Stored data
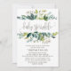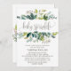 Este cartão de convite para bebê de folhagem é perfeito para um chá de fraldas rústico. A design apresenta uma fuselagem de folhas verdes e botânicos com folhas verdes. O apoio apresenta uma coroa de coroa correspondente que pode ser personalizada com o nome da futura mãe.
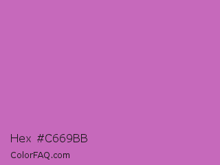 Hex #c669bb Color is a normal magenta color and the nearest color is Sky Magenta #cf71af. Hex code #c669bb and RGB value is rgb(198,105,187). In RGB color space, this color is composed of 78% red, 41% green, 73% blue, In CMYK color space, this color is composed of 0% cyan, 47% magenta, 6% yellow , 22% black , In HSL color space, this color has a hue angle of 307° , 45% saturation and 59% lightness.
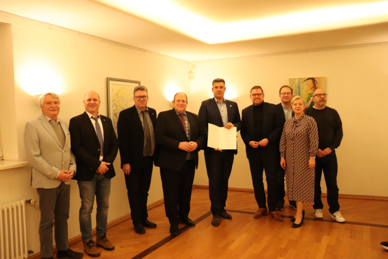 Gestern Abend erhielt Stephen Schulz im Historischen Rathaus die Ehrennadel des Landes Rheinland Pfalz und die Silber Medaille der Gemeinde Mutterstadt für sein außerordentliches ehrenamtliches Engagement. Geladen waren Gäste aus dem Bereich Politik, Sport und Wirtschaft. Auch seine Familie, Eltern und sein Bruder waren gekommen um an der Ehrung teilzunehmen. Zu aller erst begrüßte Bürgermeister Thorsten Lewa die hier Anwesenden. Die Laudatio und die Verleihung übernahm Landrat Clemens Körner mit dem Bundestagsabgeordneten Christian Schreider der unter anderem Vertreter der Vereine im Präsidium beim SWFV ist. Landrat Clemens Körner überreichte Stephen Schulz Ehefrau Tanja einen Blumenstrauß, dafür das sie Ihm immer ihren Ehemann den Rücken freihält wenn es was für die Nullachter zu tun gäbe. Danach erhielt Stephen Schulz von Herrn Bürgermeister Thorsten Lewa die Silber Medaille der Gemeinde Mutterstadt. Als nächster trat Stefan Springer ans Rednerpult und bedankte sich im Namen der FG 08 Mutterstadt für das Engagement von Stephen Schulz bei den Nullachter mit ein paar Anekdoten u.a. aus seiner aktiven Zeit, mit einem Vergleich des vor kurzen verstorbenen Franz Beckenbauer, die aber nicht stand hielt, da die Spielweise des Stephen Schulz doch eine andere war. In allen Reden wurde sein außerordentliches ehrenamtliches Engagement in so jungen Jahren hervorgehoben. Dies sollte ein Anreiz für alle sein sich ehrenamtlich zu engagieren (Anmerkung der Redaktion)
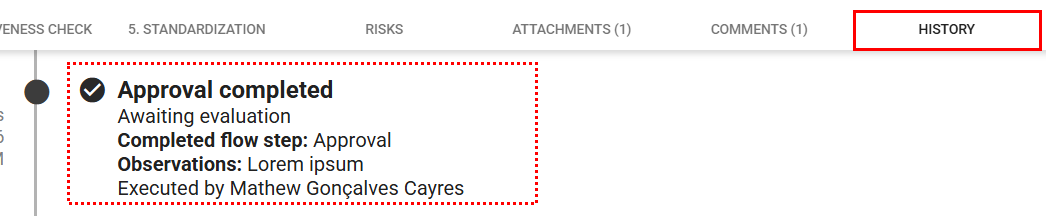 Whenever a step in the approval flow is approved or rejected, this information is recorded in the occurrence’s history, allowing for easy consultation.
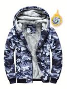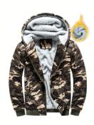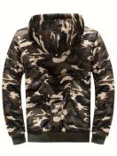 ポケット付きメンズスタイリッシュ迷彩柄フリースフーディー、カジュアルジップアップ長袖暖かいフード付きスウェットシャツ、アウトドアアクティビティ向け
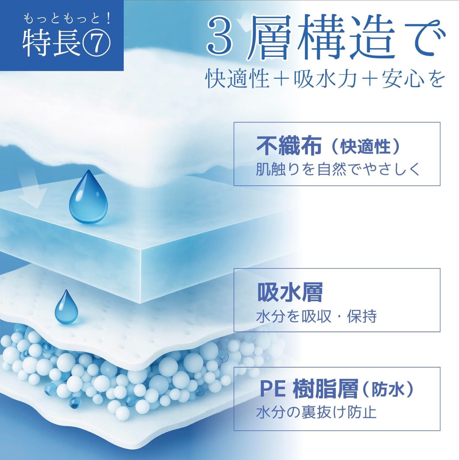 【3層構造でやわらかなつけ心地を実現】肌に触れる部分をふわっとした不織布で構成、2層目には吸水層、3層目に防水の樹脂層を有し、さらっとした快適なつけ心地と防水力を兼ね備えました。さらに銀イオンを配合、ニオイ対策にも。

About this task:
Restate every entry above word for word; no picture belongs in the copy.

Written answer:
 Este cartão de convite para bebê de folhagem é perfeito para um chá de fraldas rústico. A design apresenta uma fuselagem de folhas verdes e botânicos com folhas verdes. O apoio apresenta uma coroa de coroa correspondente que pode ser personalizada com o nome da futura mãe.
 Hex #c669bb Color is a normal magenta color and the nearest color is Sky Magenta #cf71af. Hex code #c669bb and RGB value is rgb(198,105,187). In RGB color space, this color is composed of 78% red, 41% green, 73% blue, In CMYK color space, this color is composed of 0% cyan, 47% magenta, 6% yellow , 22% black , In HSL color space, this color has a hue angle of 307° , 45% saturation and 59% lightness.
 Gestern Abend erhielt Stephen Schulz im Historischen Rathaus die Ehrennadel des Landes Rheinland Pfalz und die Silber Medaille der Gemeinde Mutterstadt für sein außerordentliches ehrenamtliches Engagement. Geladen waren Gäste aus dem Bereich Politik, Sport und Wirtschaft. Auch seine Familie, Eltern und sein Bruder waren gekommen um an der Ehrung teilzunehmen. Zu aller erst begrüßte Bürgermeister Thorsten Lewa die hier Anwesenden. Die Laudatio und die Verleihung übernahm Landrat Clemens Körner mit dem Bundestagsabgeordneten Christian Schreider der unter anderem Vertreter der Vereine im Präsidium beim SWFV ist. Landrat Clemens Körner überreichte Stephen Schulz Ehefrau Tanja einen Blumenstrauß, dafür das sie Ihm immer ihren Ehemann den Rücken freihält wenn es was für die Nullachter zu tun gäbe. Danach erhielt Stephen Schulz von Herrn Bürgermeister Thorsten Lewa die Silber Medaille der Gemeinde Mutterstadt. Als nächster trat Stefan Springer ans Rednerpult und bedankte sich im Namen der FG 08 Mutterstadt für das Engagement von Stephen Schulz bei den Nullachter mit ein paar Anekdoten u.a. aus seiner aktiven Zeit, mit einem Vergleich des vor kurzen verstorbenen Franz Beckenbauer, die aber nicht stand hielt, da die Spielweise des Stephen Schulz doch eine andere war. In allen Reden wurde sein außerordentliches ehrenamtliches Engagement in so jungen Jahren hervorgehoben. Dies sollte ein Anreiz für alle sein sich ehrenamtlich zu engagieren (Anmerkung der Redaktion)
 Whenever a step in the approval flow is approved or rejected, this information is recorded in the occurrence’s history, allowing for easy consultation.
 ポケット付きメンズスタイリッシュ迷彩柄フリースフーディー、カジュアルジップアップ長袖暖かいフード付きスウェットシャツ、アウトドアアクティビティ向け
 【3層構造でやわらかなつけ心地を実現】肌に触れる部分をふわっとした不織布で構成、2層目には吸水層、3層目に防水の樹脂層を有し、さらっとした快適なつけ心地と防水力を兼ね備えました。さらに銀イオンを配合、ニオイ対策にも。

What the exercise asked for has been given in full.